Actually I'm in Elk Grove. East Elk Grove.

John


----------



## James (Apr 29, 2002)

don't tell me you went to Elk Grove High?


----------



## Sentra Hybrid (May 9, 2002)

No I didn't. Haven't been in High School since 1990. I bought my house there.

John


----------



## James (Apr 29, 2002)

so you aren't from there originally then? well i'm in Irvine, my dad still lives there... i go up there sometime still.


----------



## NiN_00 (Apr 30, 2002)

im not in Sac. but the Central Valley area  i'll be out at the Raceway in Sac next Saturday for the Grudge Night


----------



## NISMOrob (Apr 30, 2002)

Sac. Raceway may 18th. We have about 4-6 sentras going so far. Tell all your friends to come out. I dont want to here any "my car is slow so Im not gonna run stuff" Drag racing is fun even if you are running 20sec ETs.

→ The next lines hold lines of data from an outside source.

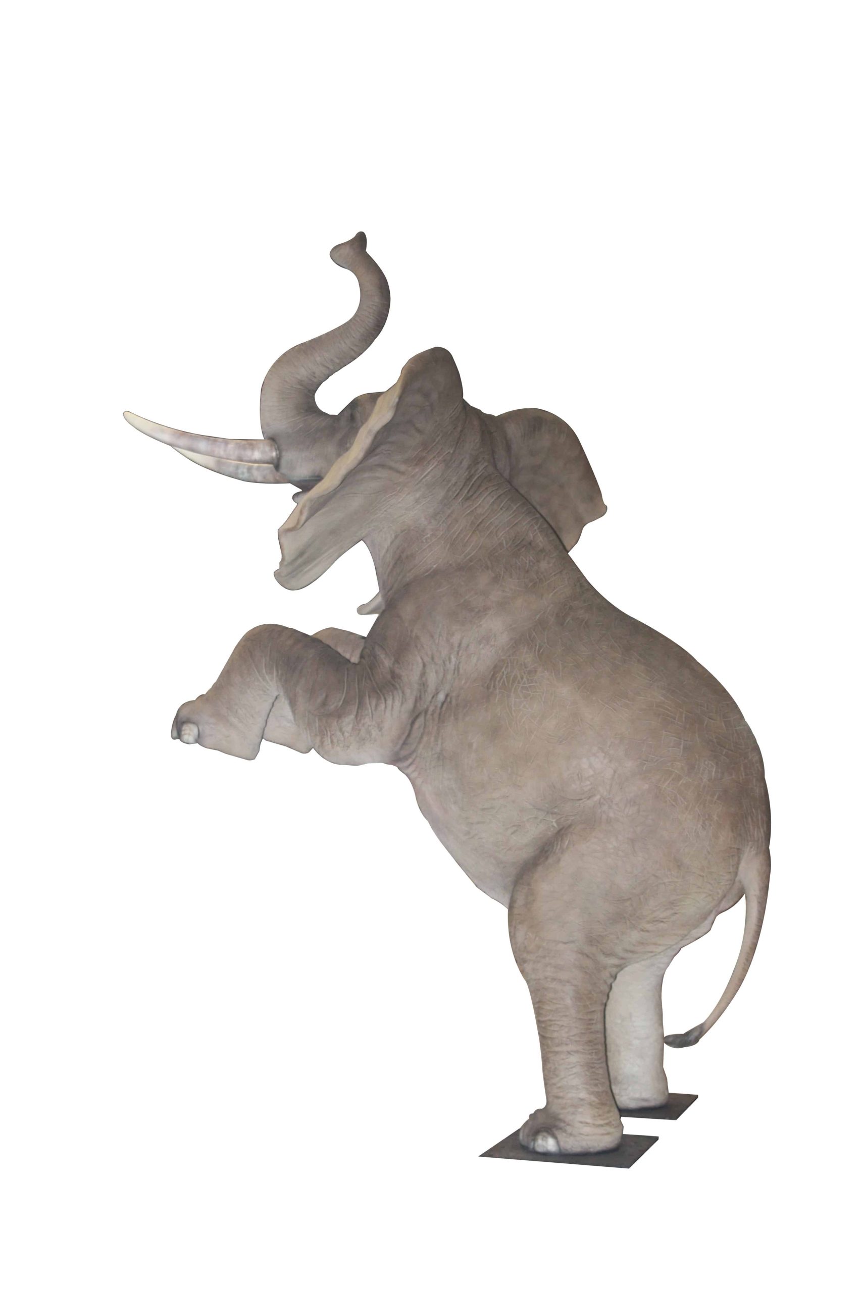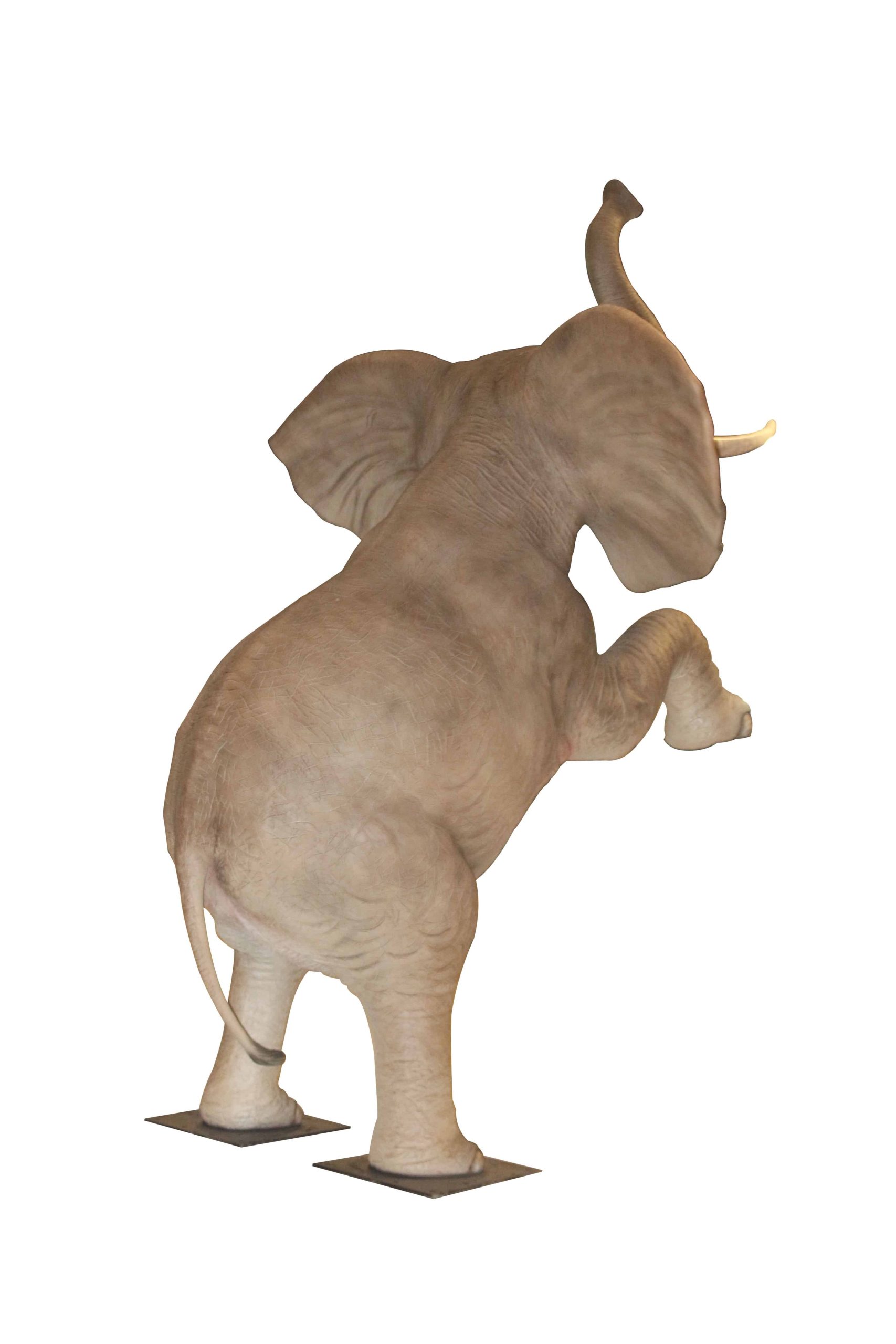 פסל של פיל מקפץ עשוי מפיברגלס, מתאים לקישוט גינות וגנים.
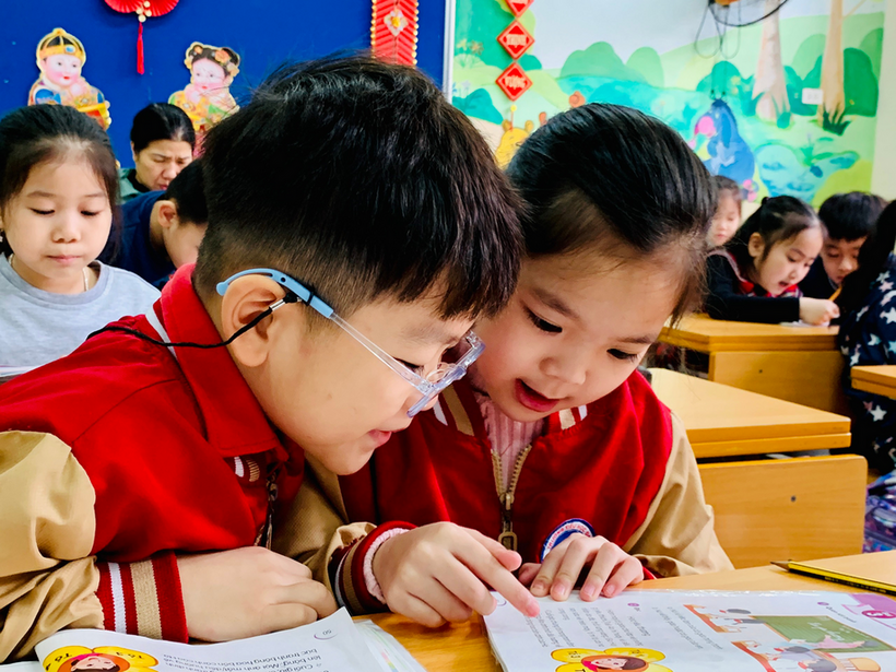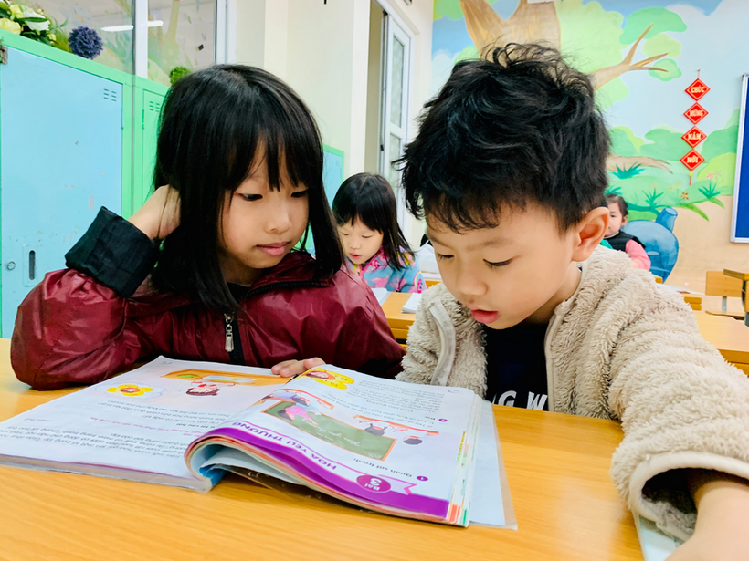 Đọc cả bài là khó nhất thế mà bạn nhỏ nào cũng xung phong để được đọc trước lớp.
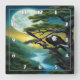 Eagle Perched on Tree Branch Under Full Moon Square Wall Clock
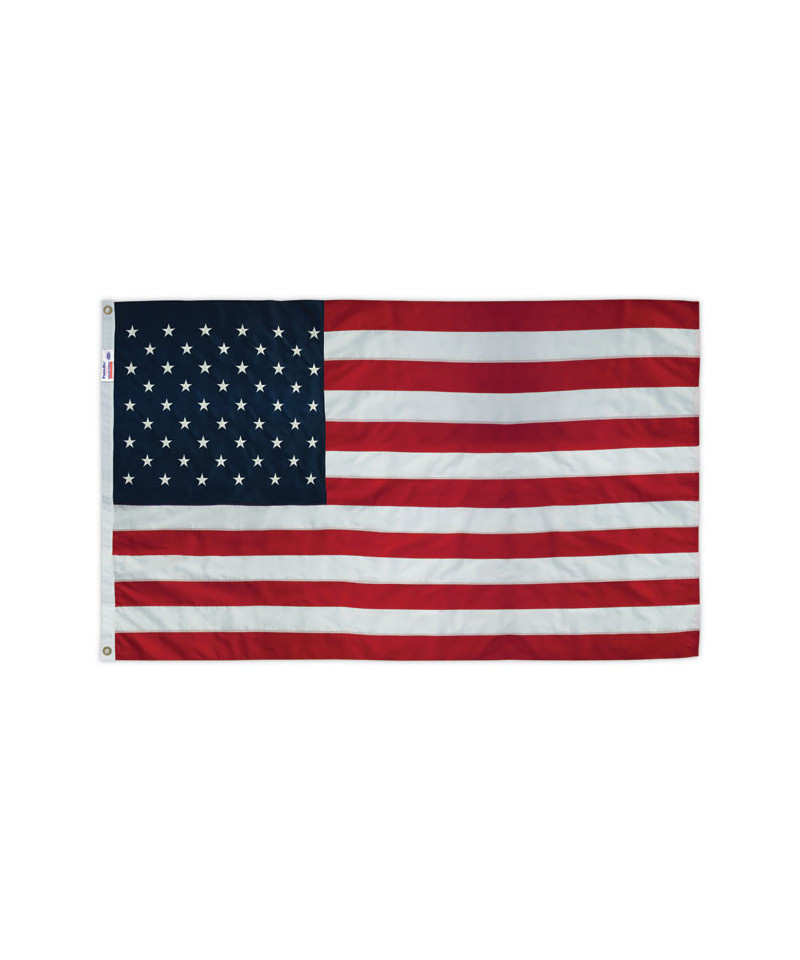 A premium United States flag made of durable, all weather, heavyweight nylon. Features sewn stripes and embroidered stars within white canvas headings and brass grommets for unparalleled resistance to weather and outdoor conditions.
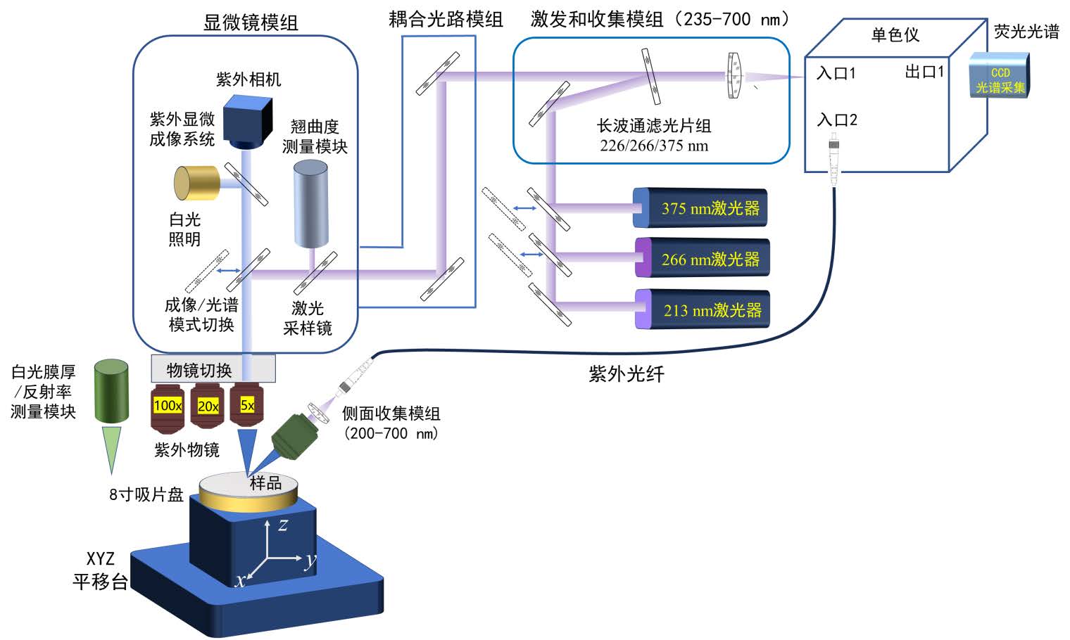 5X紫外物鏡,波長范圍200-700 nm。應(yīng)用于213 nm、266nm的紫外激發(fā)和側(cè)面收集實(shí)現(xiàn)AlGaN紫外熒光的測量 |
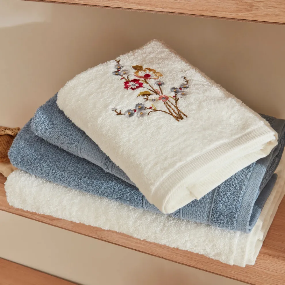 Karaca Home Nita 5-Piece 100% Cotton Family Bathroom Set, Blue – Offwhite

Plus 9 times out of ten there is someone slower than you that shows up.


----------



## Sentra Hybrid (May 9, 2002)

Heh heh, I'd like to come out but I'm prepping my car for the SE-R cup racing series. Right now its on jackstands with the suspension disassembled. Heh heh, its been a LONG time since I've raced at Sac Raceway. 1996 was the last year I ran there. It was fun while it lasted.

John


----------



## Guest (May 13, 2002)

i'm in central cali and i'm looking for some nissan fanatic's to hang out with.


----------



## James (Apr 29, 2002)

1 time said:


> *i'm in central cali and i'm looking for some nissan fanatic's to hang out with. *


unless hanford is close to Irvine i'm too lazy (and no time)...


----------